Inflation Data Supports Optimism as Consumers Adapt
The latest inflation data released Friday (Feb 13) point to a continued easing of price pressures, particularly in categories that define household necessity rather than discretionary spending, offering consumers incremental but tangible relief.
The Consumer Price Index (CPI) rose 2.4% year over year in January, with a monthly increase of 0.2% on a seasonally adjusted basis.
Excluding food, shelter and energy, prices increased 2.1% over the year. These figures reinforce a pattern that has gradually emerged over recent months: inflation remains present, yet its pace is increasingly restrained.
Essential Costs Show Signs of Stabilization
Prior PYMNTS Intelligence analysis had consistently underscored the disproportionate burden of essential expenses. Earlier research revealed that core categories such as housing, food and bills consumed the majority of income for large segments of households. As PYMNTS CEO Karen Webster observed in earlier reporting, consumers earning less than $50,000 annually were allocating significant slices of their paychecks just paying for food (25%), housing (37%) and monthly bills (13%). That framework captured the structural challenge consumers faced when inflation was accelerating most sharply in non-optional categories.
Against that backdrop, January’s CPI report suggests emerging stabilization in several critical areas. Energy prices declined 1.5% during the month and edged down 0.3% over the past year.

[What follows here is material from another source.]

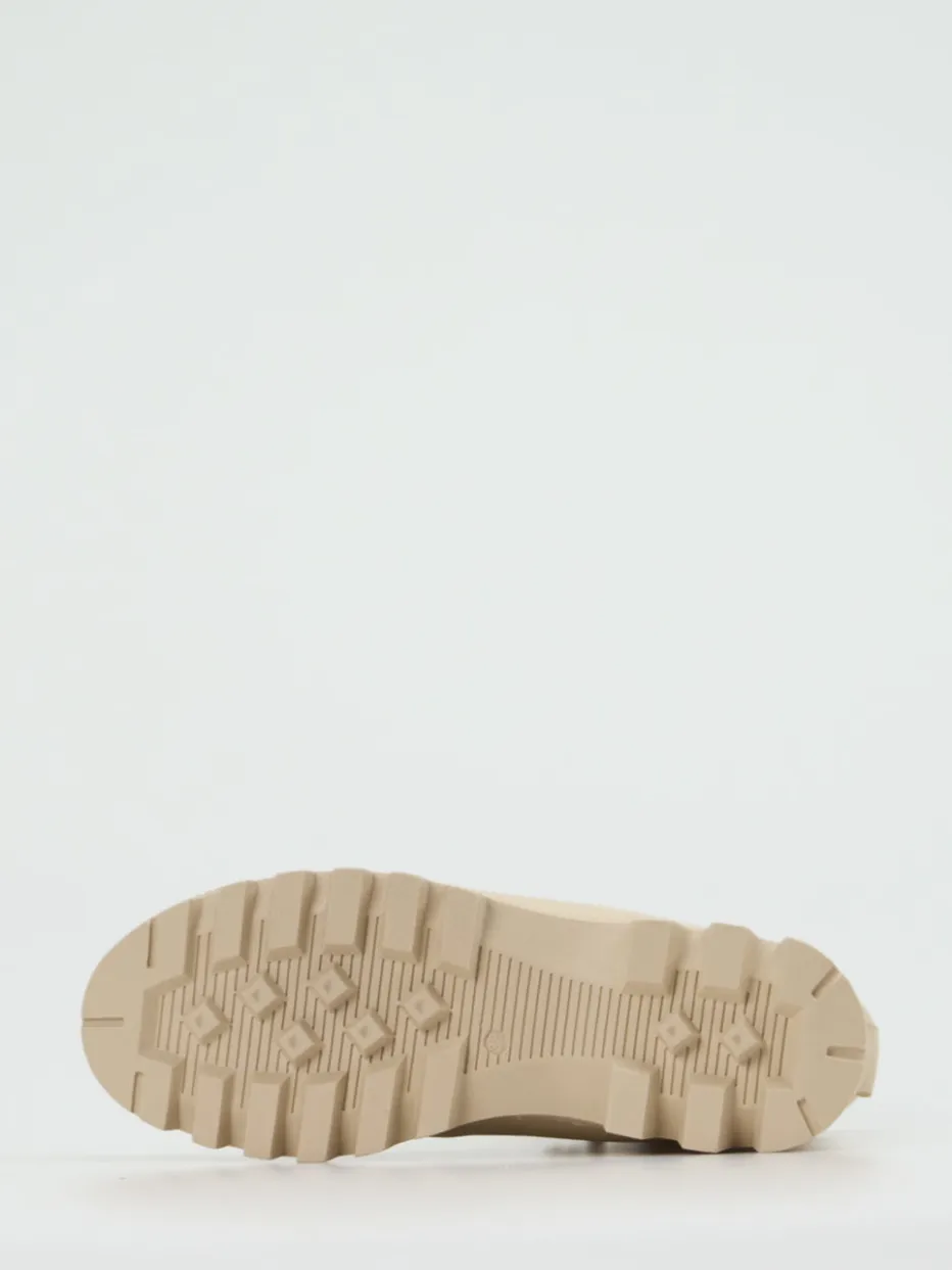 Die deutsche Marke Werner präsentiert klassische Schnürboots für Damen im beige genarbten Kalbleder.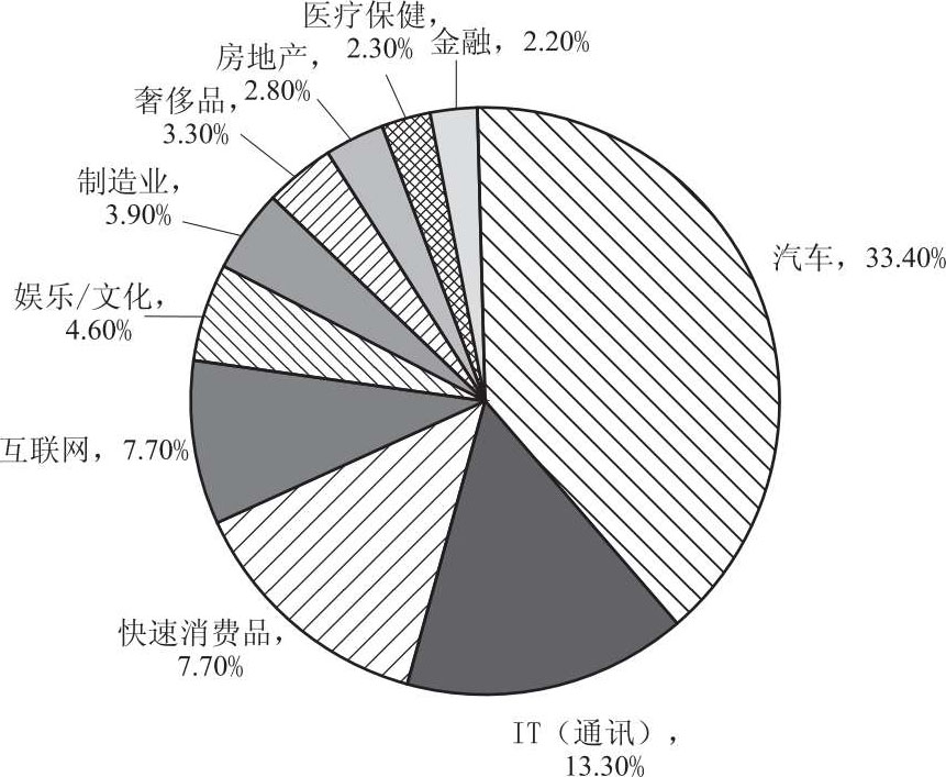(1)汽车、IT(通信)、快速消费品继续占据市场前 3位。

While energy costs have historically been volatile, sustained moderation can have an outsized effect on household budgets given the role of transportation and utilities in essential spending.
Food prices, another cornerstone of household economics, showed comparatively modest movement. Food and beverages rose 0.2% in January and 2.8% year over year. Food at home increased 2.1% annually. Within grocery categories, fruits and vegetables rose 0.1% during the month, while egg prices declined 7%. These figures signal a degree of normalization after several years of pronounced food price volatility.
Shelter costs — long the dominant driver of inflation persistence — remain elevated but display slower monthly growth. Shelter prices rose 3% over the past year, increasing 0.2% in January. Rent of primary residence climbed 2.8% year over year, while owners’ equivalent rent increased 3.3%. Although these gains continue to exceed headline inflation, the absence of sharper acceleration suggests that housing-related pressures may be gradually easing rather than intensifying.
Inflation Remains Stubborn in Services
Inflation’s moderation is not uniform. Several service-oriented categories continue to register elevated price growth. Food away from home increased 4% over the past year, reinforcing the persistent cost pressures embedded within labor-intensive sectors. Medical care services rose 3.9% year over year, highlighting continued upward pressure in healthcare expenditures. Utility-piped gas prices also rose 3.7% in January.
These pockets of persistence underscore an important nuance in the inflation narrative. Goods-related inflation has shown clearer deceleration, while services inflation — often more closely tied to wages and structural cost dynamics — continues to exert pressure.
Consumers Deploy Financial Levers
In parallel with moderating inflation, PYMNTS Intelligence data suggest consumers are increasingly relying on flexible payment mechanisms to manage household cash flow. The Pay Later Ecosystem Report indicates that installment plans and buy now, pay later (BNPL) products are becoming embedded within everyday financial management rather than confined to episodic purchases.
The data show that 31% of consumers made purchases using credit card installment plans in the preceding three months, while 14% used BNPL. Among millennials and bridge millennials, adoption rates were notably higher, with 42% of bridge millennials utilizing installment structures.
Crucially, the research challenges simplified interpretations of pay-later usage. As the report notes, “the choice to pay interest isn’t necessarily a sign of financial stress.” Instead, installment mechanisms increasingly function as budgeting tools, enabling consumers to smooth expenses, align payments with income cycles and preserve liquidity.
A Measured but Constructive Outlook
Taken together, January’s inflation data and consumer finance trends suggest an environment defined less by acute disruption and more by gradual recalibration. Inflation has not disappeared, particularly within shelter and services. Yet the broader trajectory reflects moderation across essential categories that most directly shape household economics.
Consumers, for their part, continue to adapt. Through spending prioritization, credit utilization and installment structures, households are actively reorganizing financial behavior to accommodate a still-elevated price environment. Inflation dynamics are easing, but demand for flexibility, predictability and payment control remains firmly embedded within consumer expectations, and their daily practices.